• [What is expected]
From the first line of the listing to the last, set down everything exactly, but skip the images.

• [Data below]
- Opening Delimiter -

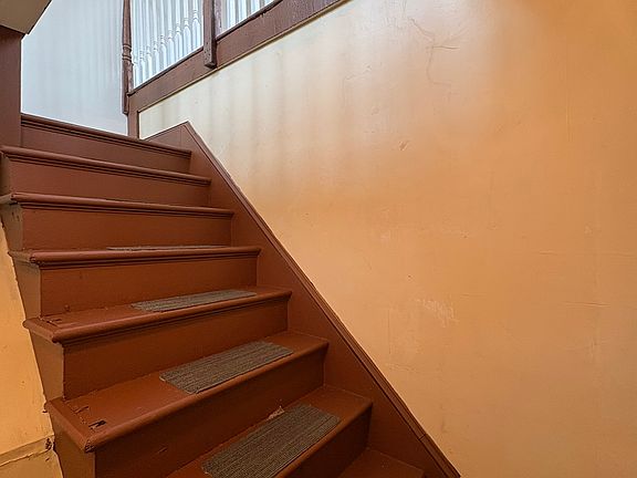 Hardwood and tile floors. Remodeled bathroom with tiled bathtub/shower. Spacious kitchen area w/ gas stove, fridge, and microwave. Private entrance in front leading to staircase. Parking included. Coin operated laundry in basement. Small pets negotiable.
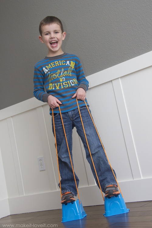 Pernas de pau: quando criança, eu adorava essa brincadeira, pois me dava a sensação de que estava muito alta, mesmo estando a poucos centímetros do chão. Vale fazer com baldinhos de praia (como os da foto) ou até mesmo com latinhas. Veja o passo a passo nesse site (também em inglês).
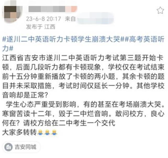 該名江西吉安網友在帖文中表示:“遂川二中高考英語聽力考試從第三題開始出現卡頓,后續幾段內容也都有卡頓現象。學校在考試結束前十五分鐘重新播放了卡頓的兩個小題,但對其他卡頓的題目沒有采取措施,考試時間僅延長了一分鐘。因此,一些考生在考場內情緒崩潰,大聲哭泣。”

- Closing Delimiter -

• [Response to the exercise]
 Hardwood and tile floors. Remodeled bathroom with tiled bathtub/shower. Spacious kitchen area w/ gas stove, fridge, and microwave. Private entrance in front leading to staircase. Parking included. Coin operated laundry in basement. Small pets negotiable.
 Pernas de pau: quando criança, eu adorava essa brincadeira, pois me dava a sensação de que estava muito alta, mesmo estando a poucos centímetros do chão. Vale fazer com baldinhos de praia (como os da foto) ou até mesmo com latinhas. Veja o passo a passo nesse site (também em inglês).
 該名江西吉安網友在帖文中表示:“遂川二中高考英語聽力考試從第三題開始出現卡頓,后續幾段內容也都有卡頓現象。學校在考試結束前十五分鐘重新播放了卡頓的兩個小題,但對其他卡頓的題目沒有采取措施,考試時間僅延長了一分鐘。因此,一些考生在考場內情緒崩潰,大聲哭泣。”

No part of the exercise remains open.